MATERIAL SUPPLIED START

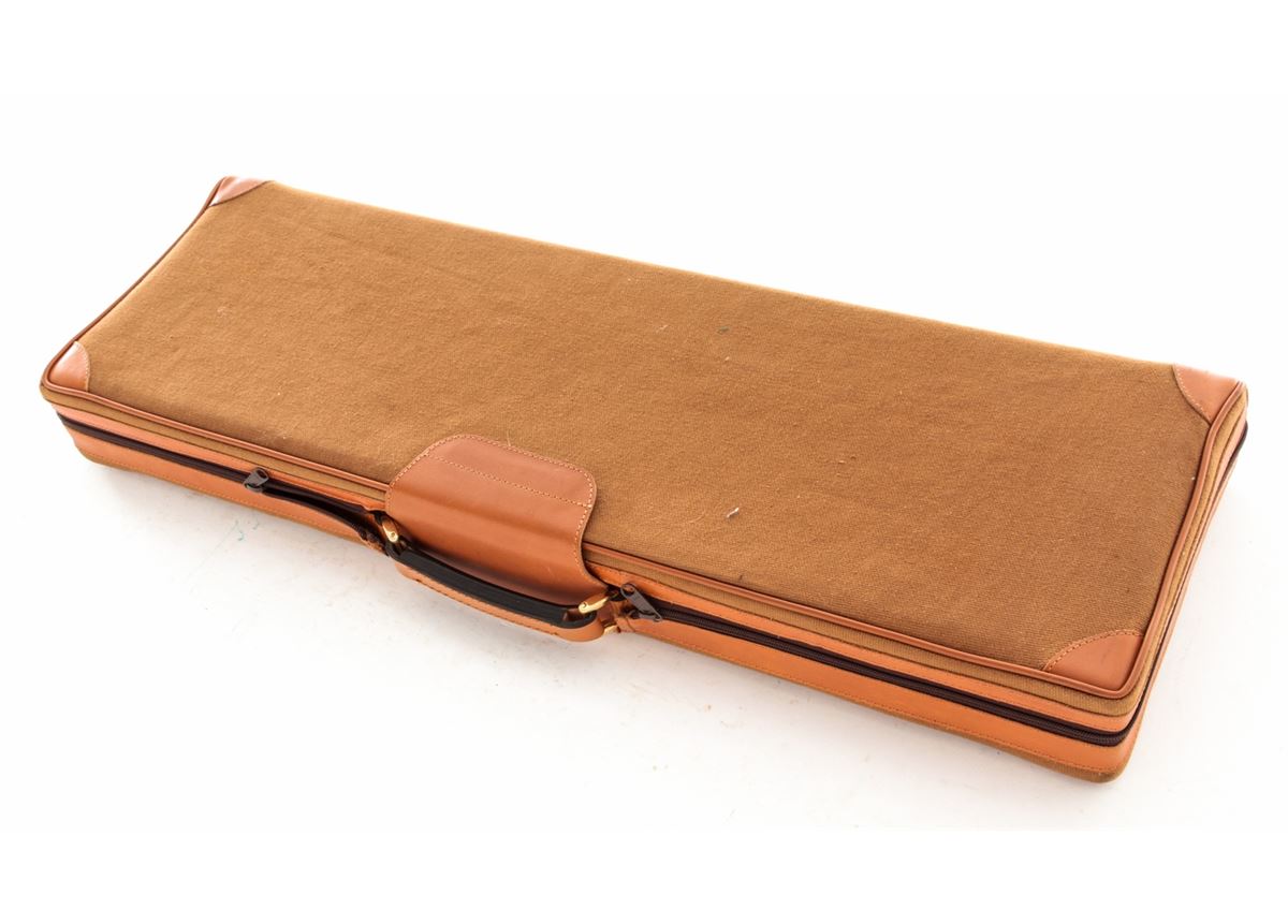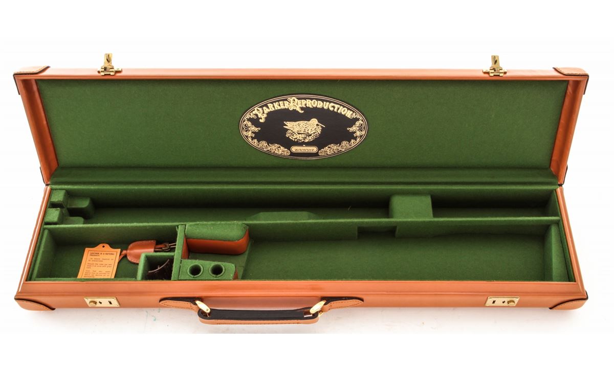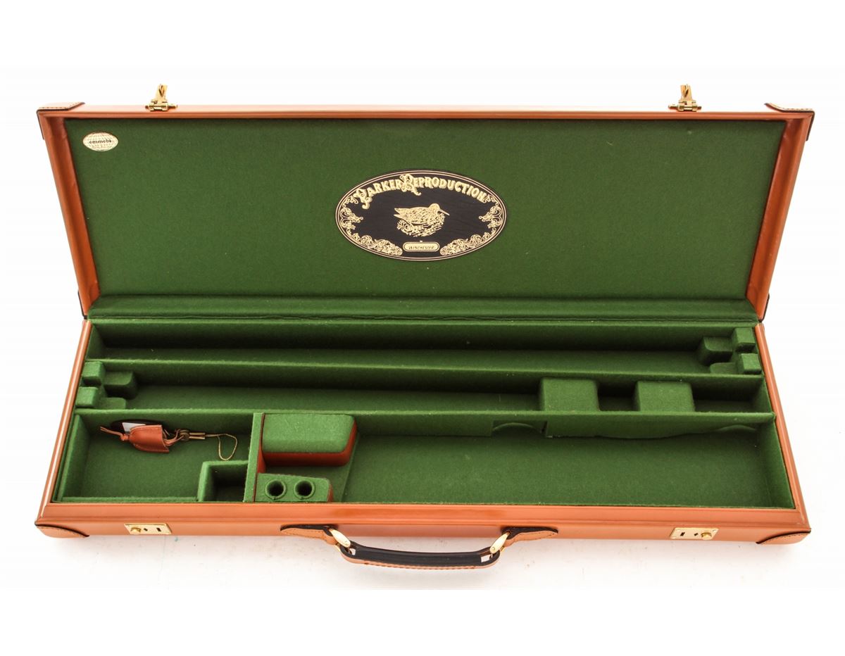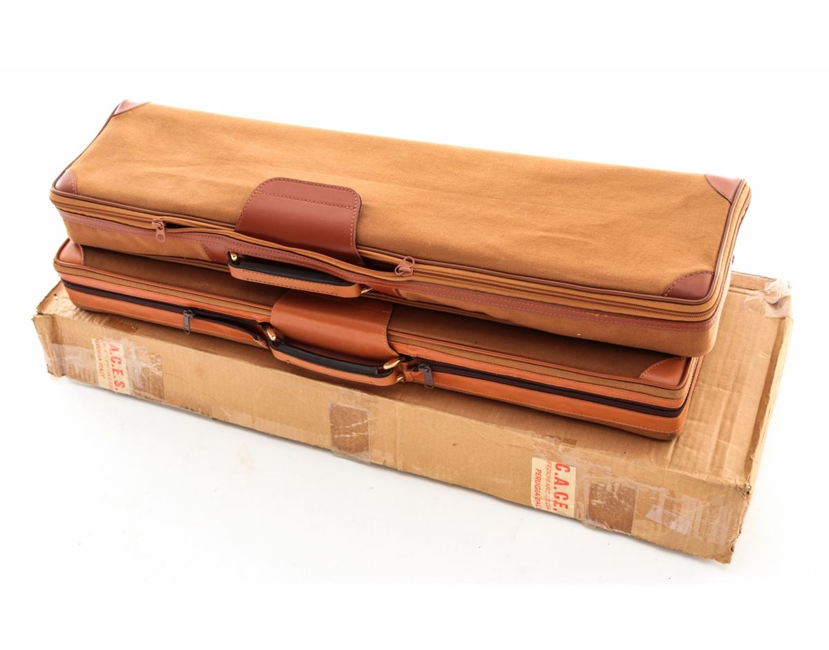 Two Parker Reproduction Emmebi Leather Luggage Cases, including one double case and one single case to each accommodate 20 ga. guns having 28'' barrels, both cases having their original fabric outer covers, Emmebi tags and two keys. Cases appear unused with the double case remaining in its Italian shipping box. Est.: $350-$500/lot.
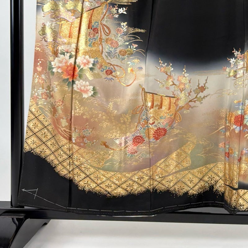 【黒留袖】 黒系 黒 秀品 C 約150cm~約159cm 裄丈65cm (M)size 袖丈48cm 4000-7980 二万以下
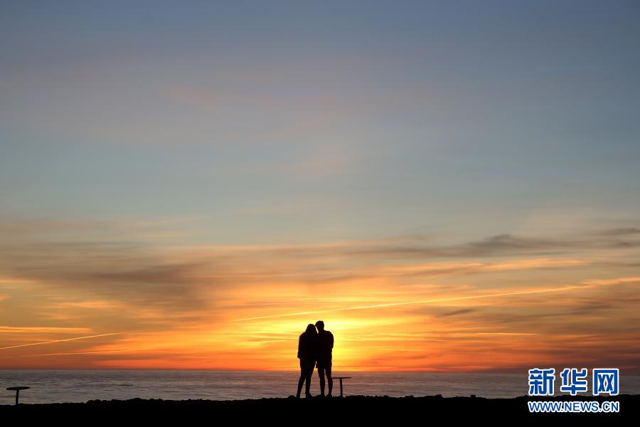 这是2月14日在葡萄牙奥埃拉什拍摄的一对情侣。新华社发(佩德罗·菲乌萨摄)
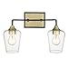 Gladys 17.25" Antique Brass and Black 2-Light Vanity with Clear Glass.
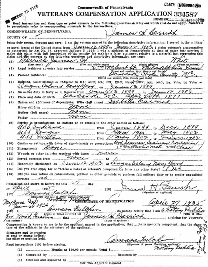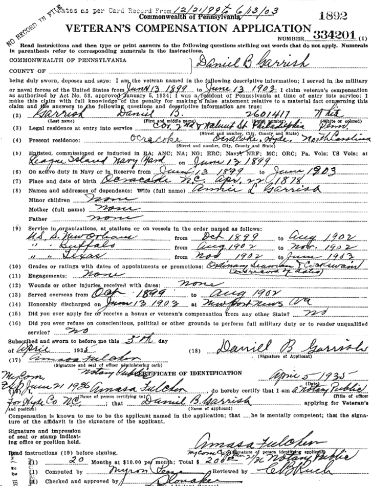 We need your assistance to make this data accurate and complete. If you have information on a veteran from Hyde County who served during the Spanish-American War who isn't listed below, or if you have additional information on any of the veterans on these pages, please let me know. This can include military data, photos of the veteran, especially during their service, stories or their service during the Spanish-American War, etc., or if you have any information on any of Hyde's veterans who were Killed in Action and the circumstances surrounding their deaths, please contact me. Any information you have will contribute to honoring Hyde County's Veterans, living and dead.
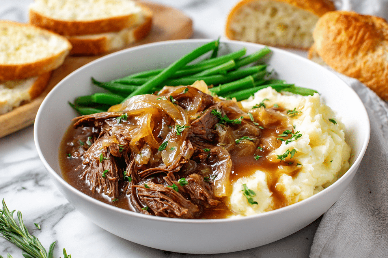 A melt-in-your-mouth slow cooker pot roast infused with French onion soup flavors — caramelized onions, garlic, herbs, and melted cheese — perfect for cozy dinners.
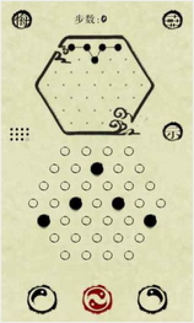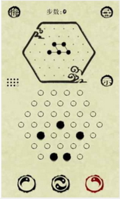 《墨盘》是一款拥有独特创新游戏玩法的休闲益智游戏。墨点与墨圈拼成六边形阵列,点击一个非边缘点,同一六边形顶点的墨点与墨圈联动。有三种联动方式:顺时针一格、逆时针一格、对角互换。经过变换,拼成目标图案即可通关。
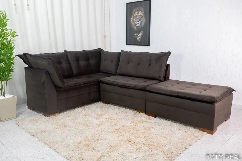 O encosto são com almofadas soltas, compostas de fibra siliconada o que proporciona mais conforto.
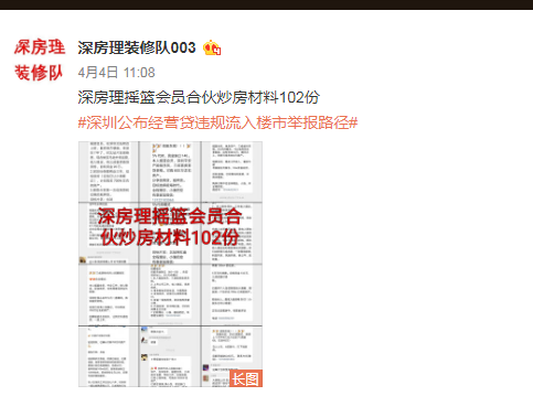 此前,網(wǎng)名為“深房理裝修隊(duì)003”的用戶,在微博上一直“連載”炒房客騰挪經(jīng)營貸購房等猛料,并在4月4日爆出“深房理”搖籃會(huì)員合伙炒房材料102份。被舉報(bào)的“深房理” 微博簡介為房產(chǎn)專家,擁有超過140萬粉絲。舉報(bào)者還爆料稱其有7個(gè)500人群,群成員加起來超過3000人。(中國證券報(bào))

MATERIAL SUPPLIED END

TASK ITEM
You are asked to output the records precisely as they appear, minus any pictures.

EXERCISE ANSWER
 Two Parker Reproduction Emmebi Leather Luggage Cases, including one double case and one single case to each accommodate 20 ga. guns having 28'' barrels, both cases having their original fabric outer covers, Emmebi tags and two keys. Cases appear unused with the double case remaining in its Italian shipping box. Est.: $350-$500/lot.
 【黒留袖】 黒系 黒 秀品 C 約150cm~約159cm 裄丈65cm (M)size 袖丈48cm 4000-7980 二万以下
 这是2月14日在葡萄牙奥埃拉什拍摄的一对情侣。新华社发(佩德罗·菲乌萨摄)
 Gladys 17.25" Antique Brass and Black 2-Light Vanity with Clear Glass.
 We need your assistance to make this data accurate and complete. If you have information on a veteran from Hyde County who served during the Spanish-American War who isn't listed below, or if you have additional information on any of the veterans on these pages, please let me know. This can include military data, photos of the veteran, especially during their service, stories or their service during the Spanish-American War, etc., or if you have any information on any of Hyde's veterans who were Killed in Action and the circumstances surrounding their deaths, please contact me. Any information you have will contribute to honoring Hyde County's Veterans, living and dead.
 A melt-in-your-mouth slow cooker pot roast infused with French onion soup flavors — caramelized onions, garlic, herbs, and melted cheese — perfect for cozy dinners.
 《墨盘》是一款拥有独特创新游戏玩法的休闲益智游戏。墨点与墨圈拼成六边形阵列,点击一个非边缘点,同一六边形顶点的墨点与墨圈联动。有三种联动方式:顺时针一格、逆时针一格、对角互换。经过变换,拼成目标图案即可通关。
 O encosto são com almofadas soltas, compostas de fibra siliconada o que proporciona mais conforto.
 此前,網(wǎng)名為“深房理裝修隊(duì)003”的用戶,在微博上一直“連載”炒房客騰挪經(jīng)營貸購房等猛料,并在4月4日爆出“深房理”搖籃會(huì)員合伙炒房材料102份。被舉報(bào)的“深房理” 微博簡介為房產(chǎn)專家,擁有超過140萬粉絲。舉報(bào)者還爆料稱其有7個(gè)500人群,群成員加起來超過3000人。(中國證券報(bào))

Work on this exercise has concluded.